I guess I was unlucky and lucky. I had a Gigabyte 2080ti, which I purchased in 2019 and in late December (2021) I noticed it was over heating and other weird shit. I returned it to the store and they had to send it back to Gigabyte (Not the first time I've had to send a Gigabyte card back) 3 weeks later I'm informed they will need to replace it. The store offered me a 3070ti, which I rejected as a fair replacement, but in the end just decided to spend an extra $230 Australian on a 3080 Gigabyte Master, (I liked the idea of a digital display, but it never worked or saved). Worst decision... just a month later this one had to be replaced, as it was also deemed faulty, as again doing weird things. So, I was offered another replacement and I decided never to buy another Gigabyte card, as I've had 4 over the last 7 years and 3 had been returned. So, I went with this beautiful 3080 MSI Suprim X 12GB in question and I must say, it's a gem. So quiet, no hiccups (so far), looks absolutely fantastic, good quality and is up their with the ti models. I don't do competitive gaming, just Sim Racing against AI, so quality is more important than performance and high frame rates. Smooth 60 FPS at 4K on Ultra High setting is a breeze for this card and I'm thinking of going to a 120Hz TV as a monitor to jack it up to 120FPS. So, the moral to the story is, don't buy Gigabyte, as they are unreliable and I think the 12 GB card is effectively a 3080 Super, or if you like, an advanced 3080, inline with 3080ti performance.
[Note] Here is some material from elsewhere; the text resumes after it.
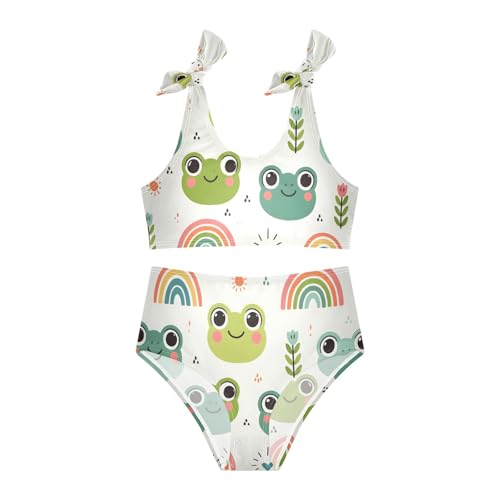 Girls' Bikini Set, Cute Frog Head Small Rainbow Kids Swimsuit 2 Pcs Beach Bathing Suit 4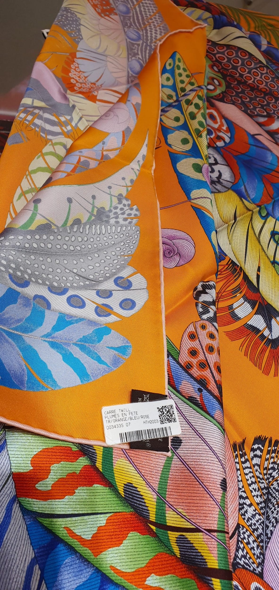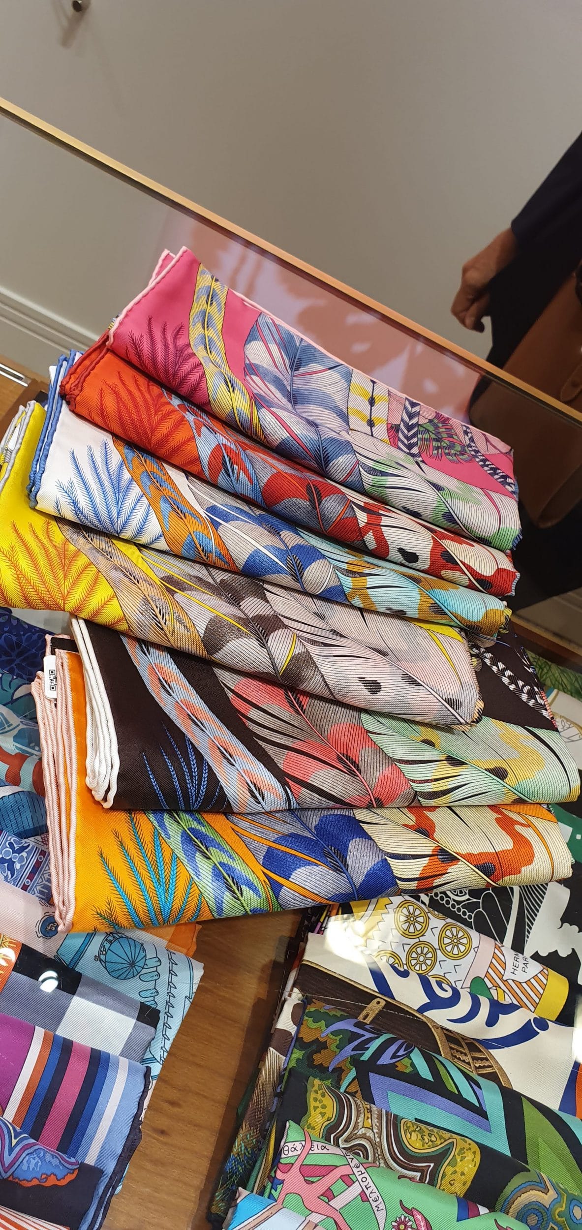 Depois escolhi dois lenços para comprar. A vendedora anota o meu nome e oferece-se para criar uma conta de cliente para mim. Ela me diz que eu posso dar a volta na loja e se eu quiser comprar algo mais, só tenho que dizer aos outros vendedores que já tenho um formulário de encomenda em preparação. Volto 10 minutos depois, ela me acompanha até a caixa com o meu pedido já embalado e pronto para ir. O pagamento é feito muito rapidamente, recebo minhas duas caixas de lenços Hermès, com o catálogo 2020 dos quadrados Hermès, a fatura e um cartão perfumado.

I highly recommend it.


----------



## SoppingClam (Mar 11, 2022)

Hi, nice review again. 

I have this card but just noticed on the features page 2 you have it listed as having only HDMI 2.0 & DisplayPort 1.4.

Of course it is actually HDMI 2.1 and are DisplayPort v1.4a. My Sony Bravia TV just updated with the VRR update. Nice to get 120hz VRR G-Sync working. So silky smooth 

I am sure you know, but maybe worth updating for others.


----------